* [EXERCISE BRIEF]: The copy must match the data word for word and contain no pictures.

Records from a dataset
##############################

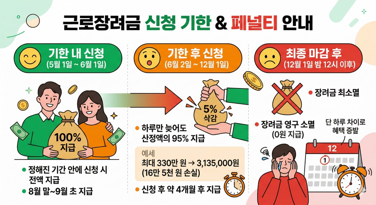 국세청은 정해진 정기 신청 기한을 단 하루라도 넘긴 건에 대해서는 '기한 후 신청'으로 자동 분류하여, 원래 받아야 할 산정 금액에서 무조건 5%를 감액하고 95%만 지급합니다. 이 기한 후 신청마저도 2026년 6월 2일부터 12월 1일까지만 열려있으며, 12월 1일 밤 12시가 넘어가는 순간 그 해의 장려금은 0원으로 영구 소멸됩니다.
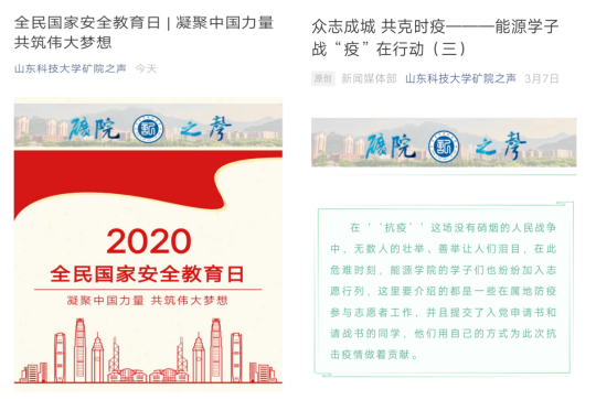 学子战“疫”在行动》、《凝聚中国力量 共筑伟大梦想》 等 推送文章,深化学生爱国主义情感,浓厚安全教育学习氛围。
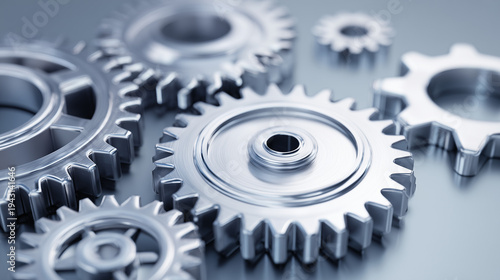 An abstract composition of interlocking bronze gears against a gradient blue background.
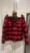 Vibrant red and black buffalo check plaid outer shell, and a fully black quilted interior.
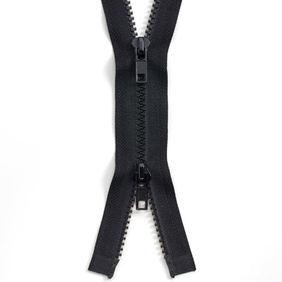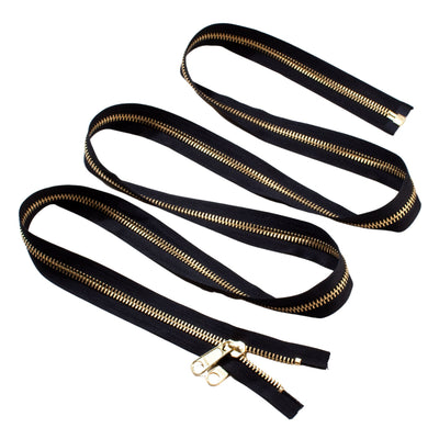 Sleeping bag replacement zippers are often 9 feet long (108 inches), however, they do vary so double check yours by measuring before you order. Sleeping bag zippers separate at the bottom with a small insertion pin and retainer box, so you can separate the zipper completely if you need to. If you are looking for a kids' sleeping bag zipper, the #5 brass zipper with a 2-handle nonlock slider or the #5 molded plastic zipper with a 2-handle nonlock might do the trick. It's a medium weight zipper and is appropriate for most children's-size sleeping bags. For adult sleeping bags, consider a zipper like a #10 molded plastic zipper or a metal-tooth zipper like a #10 brass zipper or #10 aluminum zipper. #10 means they are heavy duty and are more suitable for camping and outdoor use.
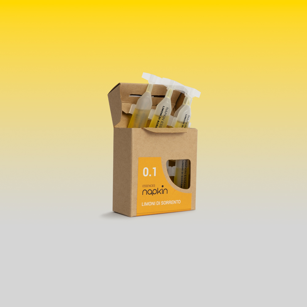 L'Essenza 01 ai Limoni di Sorrento di Napkin è una fragranza concentrata solubile in acqua, formulata per offrire un'esperienza olfattiva naturale, fresca e rigenerante. Ideale per l'attivazione delle salviette compresse in viscosa o per l'utilizzo come profumatore in ambienti wellness, hotellerie, spa e ristorazione.
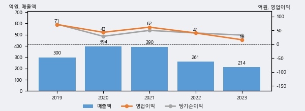 최근 3년간의 실적을 살펴보면, 매출액은 3년 연속 하락하고 있으나 그 하락폭은 줄어들고 있음을 알 수 있다.
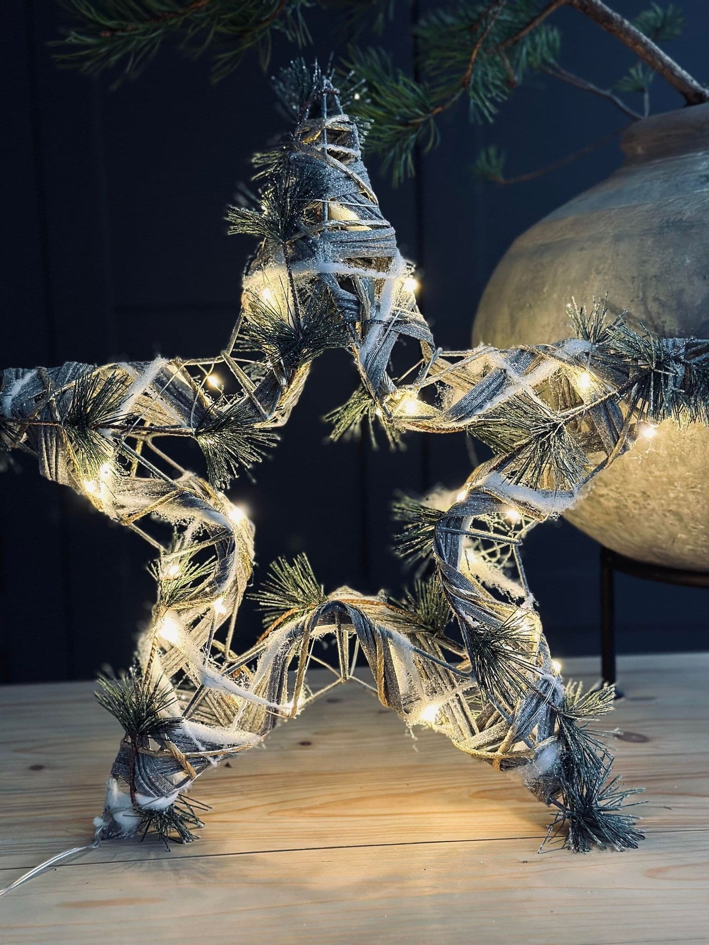 Låt vår stjärna med LED-ljus och gran sprida en magisk stämning i ditt hem denna jul. Skapa en varm och inbjudande atmosfär som får dig att känna dig extra mysig och avslappnad. Ge ditt hem den kärlek det förtjänar med denna vackra dekoration.
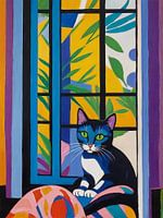 Koop dit abstracte kunstwerk Kat in het venster Stijl Henri Matisse van TOAN TRAN op canvas, aluminium dibond, (ingelijste) fotoprint, behang en ArtFrame, op maat geprint in Fine-Art kwaliteit.
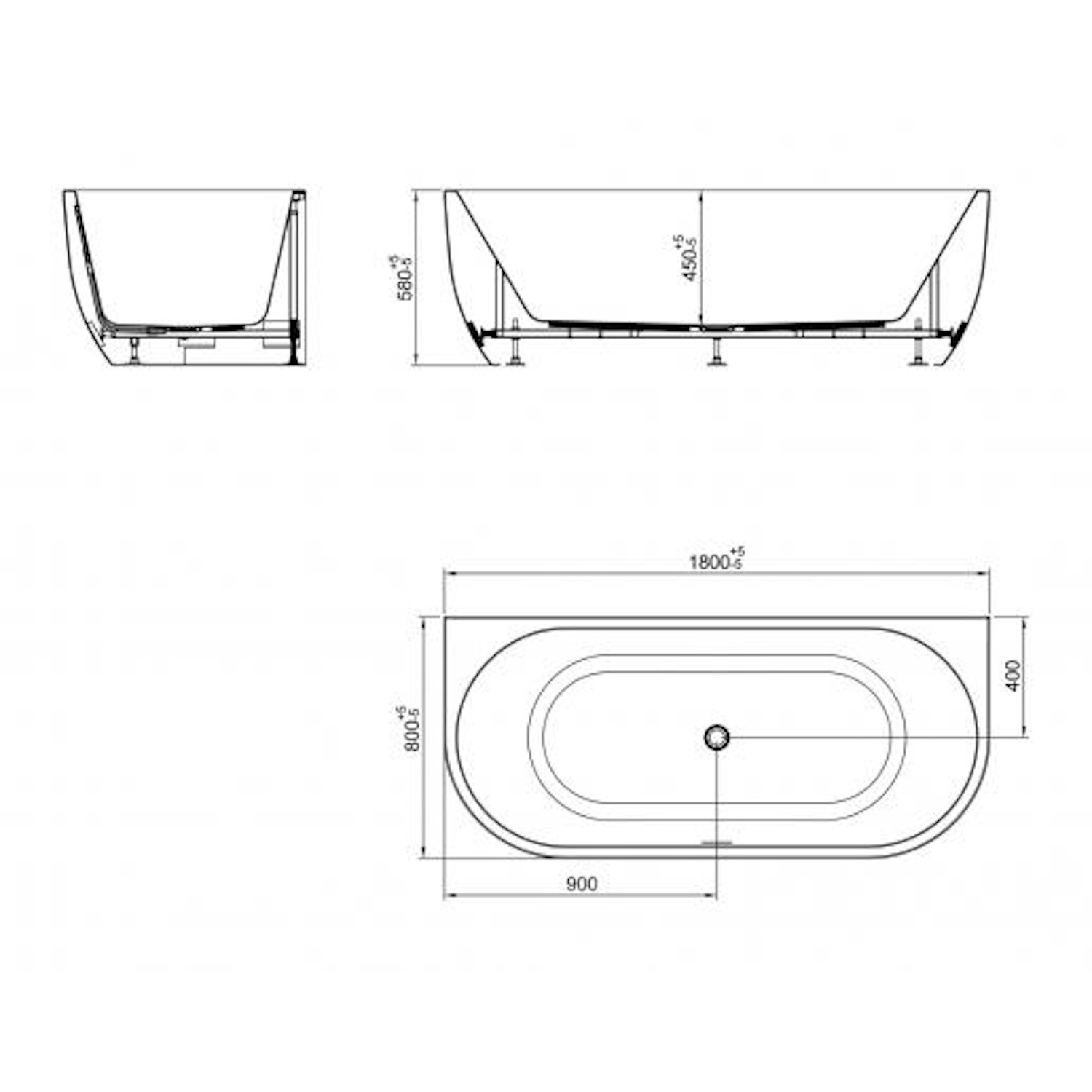 Het bad is 180 cm lang en 80 cm breed. Daarnaast is het bad vanaf de vloer 58 cm hoog. Het bad is gemaakt van acryl en is uitgevoerd in een glans witte kleur.

##############################

* [EXERCISE RESPONSE]:
 국세청은 정해진 정기 신청 기한을 단 하루라도 넘긴 건에 대해서는 '기한 후 신청'으로 자동 분류하여, 원래 받아야 할 산정 금액에서 무조건 5%를 감액하고 95%만 지급합니다. 이 기한 후 신청마저도 2026년 6월 2일부터 12월 1일까지만 열려있으며, 12월 1일 밤 12시가 넘어가는 순간 그 해의 장려금은 0원으로 영구 소멸됩니다.
 学子战“疫”在行动》、《凝聚中国力量 共筑伟大梦想》 等 推送文章,深化学生爱国主义情感,浓厚安全教育学习氛围。
 An abstract composition of interlocking bronze gears against a gradient blue background.
 Vibrant red and black buffalo check plaid outer shell, and a fully black quilted interior.
 Sleeping bag replacement zippers are often 9 feet long (108 inches), however, they do vary so double check yours by measuring before you order. Sleeping bag zippers separate at the bottom with a small insertion pin and retainer box, so you can separate the zipper completely if you need to. If you are looking for a kids' sleeping bag zipper, the #5 brass zipper with a 2-handle nonlock slider or the #5 molded plastic zipper with a 2-handle nonlock might do the trick. It's a medium weight zipper and is appropriate for most children's-size sleeping bags. For adult sleeping bags, consider a zipper like a #10 molded plastic zipper or a metal-tooth zipper like a #10 brass zipper or #10 aluminum zipper. #10 means they are heavy duty and are more suitable for camping and outdoor use.
 L'Essenza 01 ai Limoni di Sorrento di Napkin è una fragranza concentrata solubile in acqua, formulata per offrire un'esperienza olfattiva naturale, fresca e rigenerante. Ideale per l'attivazione delle salviette compresse in viscosa o per l'utilizzo come profumatore in ambienti wellness, hotellerie, spa e ristorazione.
 최근 3년간의 실적을 살펴보면, 매출액은 3년 연속 하락하고 있으나 그 하락폭은 줄어들고 있음을 알 수 있다.
 Låt vår stjärna med LED-ljus och gran sprida en magisk stämning i ditt hem denna jul. Skapa en varm och inbjudande atmosfär som får dig att känna dig extra mysig och avslappnad. Ge ditt hem den kärlek det förtjänar med denna vackra dekoration.
 Koop dit abstracte kunstwerk Kat in het venster Stijl Henri Matisse van TOAN TRAN op canvas, aluminium dibond, (ingelijste) fotoprint, behang en ArtFrame, op maat geprint in Fine-Art kwaliteit.
 Het bad is 180 cm lang en 80 cm breed. Daarnaast is het bad vanaf de vloer 58 cm hoog. Het bad is gemaakt van acryl en is uitgevoerd in een glans witte kleur.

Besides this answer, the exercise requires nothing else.